Of the 19 test spectra, we find that the correct structure is within the top 5 ranked structures for 11 systems, i.e., only 57.9% accuracy. However, the correct oxidation state and coordination environment are in the top entry for 16 and 15 systems, i.e., accuracies of 84.2% and 78.9%, respectively. The best coefficient α is found to be 0.01. Given that XANES is a technique primarily used to extract oxidation state and coordination environment information, these results are a major validation of the effectiveness of the ELSIE matching algorithm.

To emphasize the effectiveness of the ensemble approach, we also performed the same benchmark using a single learner utilizing just the sigmoid squashing function and cosine similarity measure on spectra that have been pre-normalized with respect to summed intensity. The ELSIE algorithm outperforms the single learner approach by 15.8% in identifying both the correct oxidation state and coordination environment.

We will now illustrate the performance of our spectral matching algorithm with a few case studies on diverse chemistries. For all spectra, we have confined our comparison to the energy range from −10 to 45 eV from the absorption edge, which is the region typically referred to as XANES.

Case study 1: main group metals

Figure 4a, b shows the ELSIE spectral matching results of the Al K-edge XANES of α-Al₂O₃ and Na K-edge XANES of NaCl, respectively.

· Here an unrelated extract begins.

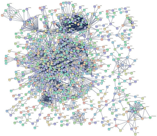 We evaluated protein interactions among DEGs to obtain a view of their involvement in the development of IPF using STRING and Cytoscape software. The results indicated that the DEGs form a complex interaction network containing 1863 nodes and 3310 edges with an average node degree of 3.55 and a clustering coefficient of 0.33. The expected number of edges was 2430, which means that it was much smaller than the actual edges found, and the p-value of PPI enrichment was <1.0 × 10−16 (Figure 4, Table S4). Nodes not connected to the network were excluded. The network had considerably more interactions than expected, indicating that the DEGs are biologically connected as a group.

For both target spectra, the correct oxidation states and coordination environments are found in the top candidates. Furthermore, we may observe that our proposed peak shifting approach is effective in aligning the target and reference spectra.

Figure 4c shows a notable case—the Na K-edge of Na₂O—where the ELSIE algorithm fails. Here, the ELSIE algorithm returns elemental Na as the top ranked result, as opposed to Na₂O. The main reason for this failure is that the FEFF-computed spectra is not in good agreement with experimental spectra (see Supplementary Fig. 7 for this and a few other examples). Possible solutions include the use of real-space full-potential multiple-scattering theory or other first principle approaches.⁴⁰ For Na₂O in particular, we find that the experimental Na K-edge XANES of Na₂O is more similar to the computed Na K-edge XANES of Na₂CO₃ (Supplementary Fig. 7(c)), which may indicate possible contamination by the atmosphere in experiments.

Case study 2: transition metal oxides

Figure 5 shows the ELSIE spectra matching results of the Ni K-edge XANES in NiO, Co K-edge XANES in LiCoO₂. From Fig. 5a, we note that although the computed peak positions and amplitude are not in great quantitative agreement with the experimental measured spectra, the ground state NiO entry is nevertheless returned as the top ranked candidate. In particular, the small Ni 1s-3d peak at 8332 eV in the experimental Ni K-edge XANES of NiO is not present in the FEFF calculated spectra. There is, however, a small peak at 8337 eV in the FEFF calculated spectra, which we believe is the Ni 1s-3d peak. The inaccuracy in the position of the peak may be due to the muffin-tin approximation used in FEFF.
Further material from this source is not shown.